Los días habían pasado con una lentitud insoportable desde aquella noche el palacio. Amelia, tan fuerte siempre, parecía desmoronarse cada vez más. Su rostro, antes brillante con determinación, ahora estaba apagado, sus ojos hundidos bajo el peso de una verdad que no era más que un teatro bien orquestado. Y todo, por culpa de la manipulación que le habían impuesto Catalina, Ágata, Susana... y yo.

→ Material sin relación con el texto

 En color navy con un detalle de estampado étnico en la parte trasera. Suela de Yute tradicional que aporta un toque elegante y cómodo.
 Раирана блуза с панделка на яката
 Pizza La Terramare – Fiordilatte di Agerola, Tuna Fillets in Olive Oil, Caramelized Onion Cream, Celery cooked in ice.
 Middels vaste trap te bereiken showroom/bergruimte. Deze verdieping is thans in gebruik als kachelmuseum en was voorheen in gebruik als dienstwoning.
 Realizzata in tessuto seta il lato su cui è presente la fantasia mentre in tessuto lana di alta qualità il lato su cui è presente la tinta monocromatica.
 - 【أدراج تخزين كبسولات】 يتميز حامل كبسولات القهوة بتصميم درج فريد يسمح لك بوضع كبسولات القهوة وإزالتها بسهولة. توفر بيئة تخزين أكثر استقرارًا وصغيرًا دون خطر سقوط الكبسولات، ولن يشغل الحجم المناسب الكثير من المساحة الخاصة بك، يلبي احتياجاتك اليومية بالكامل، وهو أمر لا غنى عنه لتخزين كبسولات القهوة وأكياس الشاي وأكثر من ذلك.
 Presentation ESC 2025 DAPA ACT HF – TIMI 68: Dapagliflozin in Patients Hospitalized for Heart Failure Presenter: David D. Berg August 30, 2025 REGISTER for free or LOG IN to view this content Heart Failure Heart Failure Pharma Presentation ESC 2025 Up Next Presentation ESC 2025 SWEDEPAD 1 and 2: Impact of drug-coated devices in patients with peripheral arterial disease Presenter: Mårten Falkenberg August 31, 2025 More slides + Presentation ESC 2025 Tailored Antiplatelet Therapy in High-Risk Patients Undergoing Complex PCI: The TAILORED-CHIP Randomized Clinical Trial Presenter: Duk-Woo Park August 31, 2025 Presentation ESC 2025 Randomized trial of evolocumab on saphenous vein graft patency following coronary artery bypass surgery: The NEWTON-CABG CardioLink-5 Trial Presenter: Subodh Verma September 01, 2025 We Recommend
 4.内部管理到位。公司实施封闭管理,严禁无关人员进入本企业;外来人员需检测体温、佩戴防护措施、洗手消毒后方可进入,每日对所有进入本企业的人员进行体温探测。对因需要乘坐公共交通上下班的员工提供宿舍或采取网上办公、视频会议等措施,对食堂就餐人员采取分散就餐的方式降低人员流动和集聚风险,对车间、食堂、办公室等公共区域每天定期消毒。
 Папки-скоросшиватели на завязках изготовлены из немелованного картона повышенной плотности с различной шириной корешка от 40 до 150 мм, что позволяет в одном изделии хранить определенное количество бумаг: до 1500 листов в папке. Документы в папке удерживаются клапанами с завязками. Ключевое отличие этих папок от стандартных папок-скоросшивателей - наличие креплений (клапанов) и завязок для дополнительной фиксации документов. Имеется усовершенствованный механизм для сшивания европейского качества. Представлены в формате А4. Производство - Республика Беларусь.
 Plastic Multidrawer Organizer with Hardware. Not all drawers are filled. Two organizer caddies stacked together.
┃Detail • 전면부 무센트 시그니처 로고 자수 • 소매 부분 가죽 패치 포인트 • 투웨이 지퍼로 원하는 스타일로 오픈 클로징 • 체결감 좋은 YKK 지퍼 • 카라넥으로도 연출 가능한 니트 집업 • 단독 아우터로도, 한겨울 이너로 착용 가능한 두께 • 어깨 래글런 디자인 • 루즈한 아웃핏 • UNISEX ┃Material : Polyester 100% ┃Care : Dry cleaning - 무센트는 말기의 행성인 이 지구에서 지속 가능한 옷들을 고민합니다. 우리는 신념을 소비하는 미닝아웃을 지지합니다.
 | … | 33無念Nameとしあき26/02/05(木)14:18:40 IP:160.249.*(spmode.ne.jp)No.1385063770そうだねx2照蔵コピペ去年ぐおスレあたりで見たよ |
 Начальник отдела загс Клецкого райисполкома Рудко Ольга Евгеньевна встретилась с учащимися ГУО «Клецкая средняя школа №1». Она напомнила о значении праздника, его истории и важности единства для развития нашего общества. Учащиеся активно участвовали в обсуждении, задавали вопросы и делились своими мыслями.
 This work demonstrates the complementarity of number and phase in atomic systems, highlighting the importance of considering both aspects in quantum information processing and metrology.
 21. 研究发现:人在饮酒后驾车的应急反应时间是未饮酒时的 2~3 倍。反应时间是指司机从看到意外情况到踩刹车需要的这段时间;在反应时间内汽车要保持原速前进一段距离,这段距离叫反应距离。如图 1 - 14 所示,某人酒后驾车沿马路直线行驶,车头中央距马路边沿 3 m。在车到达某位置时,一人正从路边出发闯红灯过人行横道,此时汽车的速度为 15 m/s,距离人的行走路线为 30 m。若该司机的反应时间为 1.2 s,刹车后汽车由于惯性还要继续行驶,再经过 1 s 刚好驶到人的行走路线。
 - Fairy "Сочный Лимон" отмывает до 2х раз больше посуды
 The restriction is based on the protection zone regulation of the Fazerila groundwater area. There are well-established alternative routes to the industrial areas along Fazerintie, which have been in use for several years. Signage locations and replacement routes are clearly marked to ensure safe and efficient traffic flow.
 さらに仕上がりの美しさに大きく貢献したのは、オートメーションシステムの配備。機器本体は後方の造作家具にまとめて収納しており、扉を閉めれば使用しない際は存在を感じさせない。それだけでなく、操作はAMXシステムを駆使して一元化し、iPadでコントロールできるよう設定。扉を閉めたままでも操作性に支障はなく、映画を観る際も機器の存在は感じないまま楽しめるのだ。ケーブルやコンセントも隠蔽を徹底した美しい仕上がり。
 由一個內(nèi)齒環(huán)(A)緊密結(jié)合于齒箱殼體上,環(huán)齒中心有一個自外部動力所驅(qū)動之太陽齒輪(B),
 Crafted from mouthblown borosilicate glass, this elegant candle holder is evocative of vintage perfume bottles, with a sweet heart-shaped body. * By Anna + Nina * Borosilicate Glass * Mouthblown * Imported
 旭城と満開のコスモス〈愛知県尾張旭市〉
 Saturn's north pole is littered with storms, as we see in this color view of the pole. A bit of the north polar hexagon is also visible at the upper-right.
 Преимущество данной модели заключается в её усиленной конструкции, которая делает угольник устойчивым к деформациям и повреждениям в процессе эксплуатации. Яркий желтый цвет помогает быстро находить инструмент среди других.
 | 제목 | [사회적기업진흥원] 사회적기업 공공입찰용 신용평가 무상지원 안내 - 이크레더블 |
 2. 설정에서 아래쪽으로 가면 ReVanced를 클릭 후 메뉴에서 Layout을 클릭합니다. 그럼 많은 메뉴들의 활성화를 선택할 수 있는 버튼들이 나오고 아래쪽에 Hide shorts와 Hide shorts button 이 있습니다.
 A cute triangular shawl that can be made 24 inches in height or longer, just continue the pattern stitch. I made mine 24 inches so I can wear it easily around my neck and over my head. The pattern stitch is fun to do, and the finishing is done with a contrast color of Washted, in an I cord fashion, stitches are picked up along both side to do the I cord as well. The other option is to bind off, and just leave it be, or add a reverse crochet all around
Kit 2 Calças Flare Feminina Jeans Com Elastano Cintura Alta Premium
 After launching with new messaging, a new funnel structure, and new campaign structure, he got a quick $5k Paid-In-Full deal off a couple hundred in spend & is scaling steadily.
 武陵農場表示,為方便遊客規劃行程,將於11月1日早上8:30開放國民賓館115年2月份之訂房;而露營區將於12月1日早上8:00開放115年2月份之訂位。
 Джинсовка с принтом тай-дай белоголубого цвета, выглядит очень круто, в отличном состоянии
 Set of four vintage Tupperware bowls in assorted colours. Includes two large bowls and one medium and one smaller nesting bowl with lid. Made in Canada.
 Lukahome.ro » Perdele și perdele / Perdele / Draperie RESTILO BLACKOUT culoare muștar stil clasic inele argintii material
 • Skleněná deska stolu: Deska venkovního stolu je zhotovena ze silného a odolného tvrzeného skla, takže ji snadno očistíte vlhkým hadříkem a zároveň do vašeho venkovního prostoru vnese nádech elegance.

La encontré sentada en el sofá de mi casa, con las manos entrelazadas, mirando al vacío. Sus labios estaban tensos, como si estuviera intentando contener las lágrimas. Mis intentos de consolarla habían sido infructuosos. No había palabras que pudieran reparar el daño que le habíamos hecho. Amelia, la que siempre confiaba en mí, ahora no quería ver a nadie, especialmente no a Dalia.

—¿Estás bien? —pregunté suavemente, aunque sabía la respuesta.

Ella levantó la vista hacia mí, sus ojos apagados. Negó con la cabeza, la voz rota cuando finalmente habló.

—Cancelé el viaje con las chicas... no podía hacerlo. No quiero ver a Dalia... no puedo. No después de lo que descubrí.

Un silencio pesado llenó la habitación. Sabía que era por ese maldito show que habíamos montado, esas pruebas manipuladas que la hacían creer que su amiga, alguien en quien siempre había confiado, era su enemiga. Dalia, a quien ahora veía como una traidora, una amenaza.

—No tienes que explicarte, Amelia —dije, acercándome y sentándome a su lado. La culpa pesaba sobre mí, pero era un precio que estaba dispuesto a pagar si eso la mantenía a salvo—. Es normal que no quieras enfrentarte a todo eso, no después de lo que descubriste.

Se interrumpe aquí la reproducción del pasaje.